Track: Clean Install Test [checkpoint: d14ae3b] Link: ./tracks/clean_install_test_20260603/, Spec: ./../../docs/superpowers/specs/2026-06-02-clean-install-test-design.md, Plan: ./../../docs/superpowers/plans/2026-06-02-clean-install-test.md Goal: Add opt-in pytest test (RUN_CLEAN_INSTALL_TEST=1) that clones the repo to tmp_path, runs uv sync, launches sloppy.py --enable-test-hooks, verifies Hook API responds. Catches "works on my machine" failures. Added clean_install marker to pyproject.toml. Created tests/test_clean_install.py (114 lines, uses urllib.request from stdlib per tech-stack.md dependency minimalism rule - deviation from plan). Skipped by default. Marked with @pytest.mark.clean_install.
Track: Fix markdown_helper.py for imgui-bundle >=1.92.801 [checkpoint: 7a34edf] Link: ./tracks/markdown_helper_language_api_compat_20260603/ Goal: First thing the clean install test caught. ed.TextEditor.LanguageDefinitionId enum was removed in imgui-bundle>=1.92.801. Replaced with version-compat shim helpers _get_language_id(name) and _set_editor_language(editor, lang_obj) that detect the API at runtime (1.92.5 enum vs 1.92.801+ factory). Also added parallel _editor_lang_cache to track current language tag per editor (robust to API name differences like "C++" vs "cpp"). Verified: test passes in opt-in mode (1.92.801), shim still works in local 1.92.5 env, follow-up commit b306f8f corrected test URL /api/mma_status -> /api/gui/mma_status (actual endpoint per src/api_hooks.py:181).
Track: Multi-Theme TOML System (Multi-Themes Mod) [checkpoint: 38abf231] Link: ./tracks/multi_themes_20260604/, Plan: ./../../docs/superpowers/plans/2026-06-04-theme-syntax-modularization.md Goal: TOML-based theming: per-theme file layout (themes/<name>.toml global + <project>/project_themes.toml overrides), schema (syntax_palette + [colors] table of imgui.Col_ snake_case keys), public API (load_themes_from_disk, get_syntax_palette_for_theme, apply_syntax_palette), MarkdownRenderer calls apply_syntax_palette on init, color-callable convention (C_LBL() / C_VAL() so theme switches take effect at use site), upstream 4-syntax-palette limit documented in ./../../docs/guide_themes.md (new guide). 8 new theme files shipped. Theme-caused production bug fixed at src/gui_2.py:3705-3707 (commit 1469ecac): DIR_COLORS dict stored C_VAL not C_VAL(), so imgui.text_colored(d_col, ...) was being passed a function. Fixed by calling the function at the use site.
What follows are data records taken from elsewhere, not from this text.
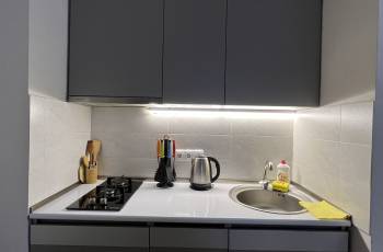 ბინა არის სტუდიოს ტიპის, გათვლილი 8 ადამიანზე.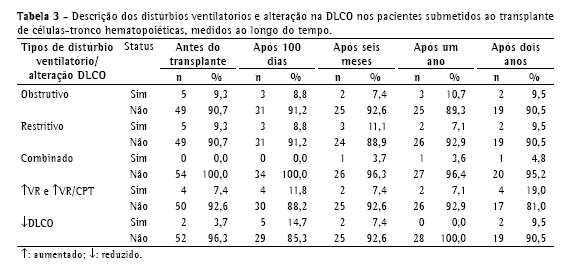 Os distúrbios ventilatórios mais frequentemente observados, baseados nos dados de espirometria, medida de volumes pulmonares e DLCO, são apresentados na Tabela 3. Observa-se que 22,2% dos pacientes apresentaram alterações significativas nos TFP antes do TCTH. O aumento de VR e da relação VR/CPT não esteve associado a distúrbio ventilatório obstrutivo nem antes, nem após o TCTH. Apenas 1 paciente com obstrução ao fluxo aéreo antes do TCTH sobreviveu após o transplante. Nos 5 pacientes em que se constatou obstrução ao fluxo aéreo recente, 3 foram submetidos à intervenção terapêutica específica. Desses, 1 paciente com bronquiolite obliterante com pneumonia em organização evoluiu para óbito, enquanto 2 com obstrução ao fluxo aéreo recente melhoraram com o tratamento instituído. Todos os pacientes com CV reduzida apresentaram, também, CPT reduzida. Dos sobreviventes, 7 não realizaram os testes pulmonares ao final de dois anos de seguimento.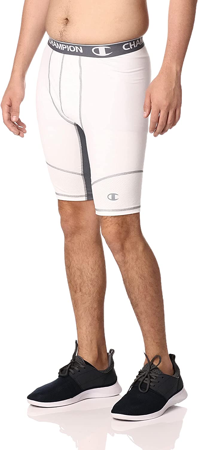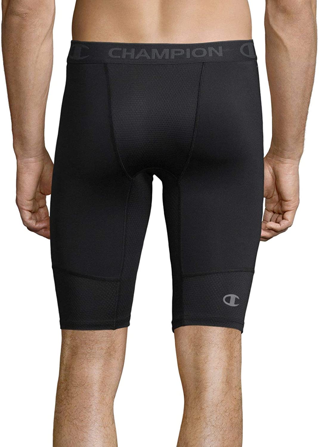 • THE SHORTS OF A CHAMPION - Men's compression shorts display the Champion logo at the waistband and the iconic "C' logo at the left hem.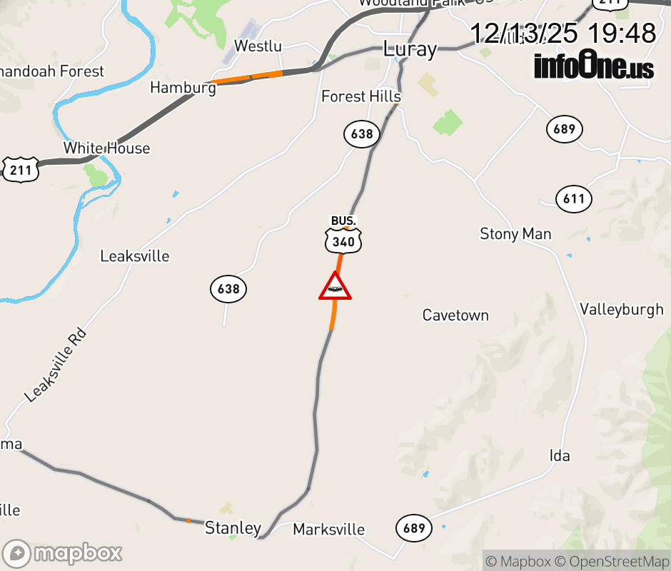 On BUS US-340 North in the County of Page, in the vicinity of Mill Creek Crossroads; Rt. 633E/W (Page County), motorists can expect delays due to a vehicle crash. Updated: Sat 12/13/25 7:48 PM EST ![]() Updated: Sat 12/13/25 7:48 PM EST |

[~] Track: Test Regression Fixes (post multi-themes ship) [checkpoint: d7487af4] Link: ./tracks/regression_fixes_20260605/, Plan: ./../../docs/superpowers/plans/2026-06-05-regression-fixes.md Goal: Resolve 21 failing tests surfaced after the multi-themes ship. 11 of 21 fixed across 10 atomic commits: theme regression (test_gui_progress C_LBL/C_VAL API change, 38abf231), pre-existing non-live_gui (test_gui_phase4 markdown_helper mocks, df43f158; test_view_presets persona_manager mock, 970f198c), GUI production bug (DIR_COLORS callable, 1469ecac), live_gui LogPruner busy loop (ac08ee87), RAG NoneType guard (c96bdb06). Root cause of remaining 10 live_gui failures identified (commit d7487af4): imgui.save_ini_settings_to_memory() at src/gui_2.py:601 crashes C-level (0xc0000005) when called in the first few render frames because ImGui's internal state (Fonts, DisplaySize, Settings) isn't ready. Crash is uncatchable from Python. Fixed with _ini_capture_ready flag (defer-not-catch pattern): first call returns b"" and sets the flag, subsequent calls invoke the C function. Bisect anchors: 7df65dff (pre-existing failures start), 7ea52cbb (theme-caused failures start). Deferred follow-up track needed for ~5 remaining live_gui tests (MMA engine state transitions, RAG status timing, one test needing substantial render path mocks).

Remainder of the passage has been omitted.